Grand Total:    USD [***]

Canvas
Deliverables
As needed, your implementation will include the following:
Completion of your Canvas Implementation is based on the completion of specific milestones. Hours are not tracked nor are they required to be purchased separately. Your Canvas implementation is deemed complete once the following success criteria are met. Success criteria and project plans may be altered to meet your needs with agreement between your project lead and your Canvas Implementation Consultant. After implementation, if additional assistance is needed, hours may be purchased with an Implementation Consultant at $[***] an hour.

Success Criteria:
• Authentication: The Customer has successfully configured authentication. Users can successfully log in through configured solution (LDAP, SAML, CAS, Canvas Authentication)
• Branding: The Customer knows how to access the Theme Editor and branding has been applied to the Canvas instance.
• Support: Support has been successfully configured and tickets are successfully routed between Customer and Instructure.
• Training: The Customer knows how to access trainings.
• SIS: User, course and assignment data has been successfully added to Canvas from the SIS solution.
• Migration: The Customer has a migration strategy and is able to migrate content through the Canvas interface.

Implementation typically takes between 60-90 days, with actual times varying greatly depending on the institution’s goals and technical expertise. The end date of the implementation is determined in agreement with your project lead and your Canvas Implementation Consultant.
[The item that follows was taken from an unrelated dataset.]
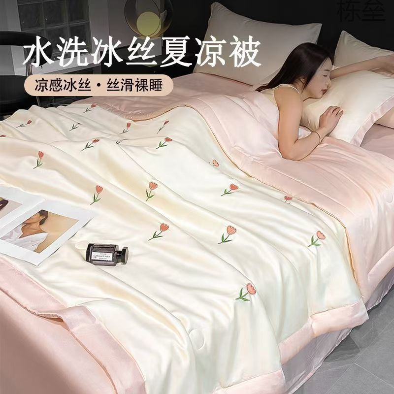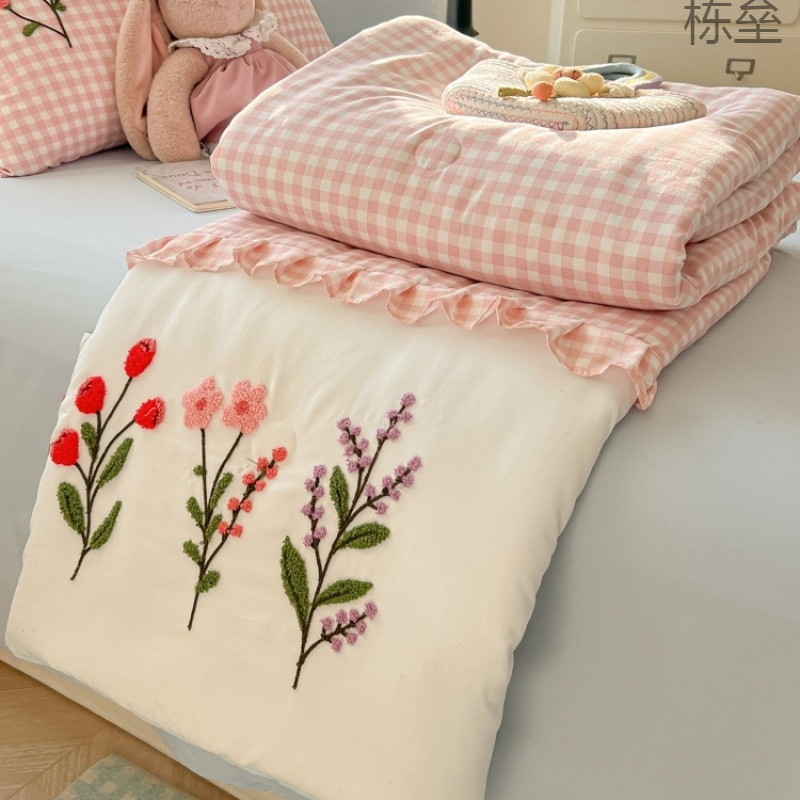 【店舗人気】夏ins高颜値夏凉被タオル刺繍軽薄エアコン4点セット薄金可

Access to guides, public courses, and best practices documentation. Documented best practices for driving high Canvas adoption and usage.
Expertise and best practices on any Data Warehouse import and automation work with Canvas. This includes access to API documentation and consulting with Customer resources on Customer initiated strategy.
Access to unlimited instructor-led online training for up to [***] named users from contracted date until the earlier of 12 months after subscription start date or the last date of the contracted subscription
                                    
Canvas FTE
 
Description
 
FTE means the number of full-time equivalent students calculated in accordance with the definition published by the Integrated Postsecondary Education Data System.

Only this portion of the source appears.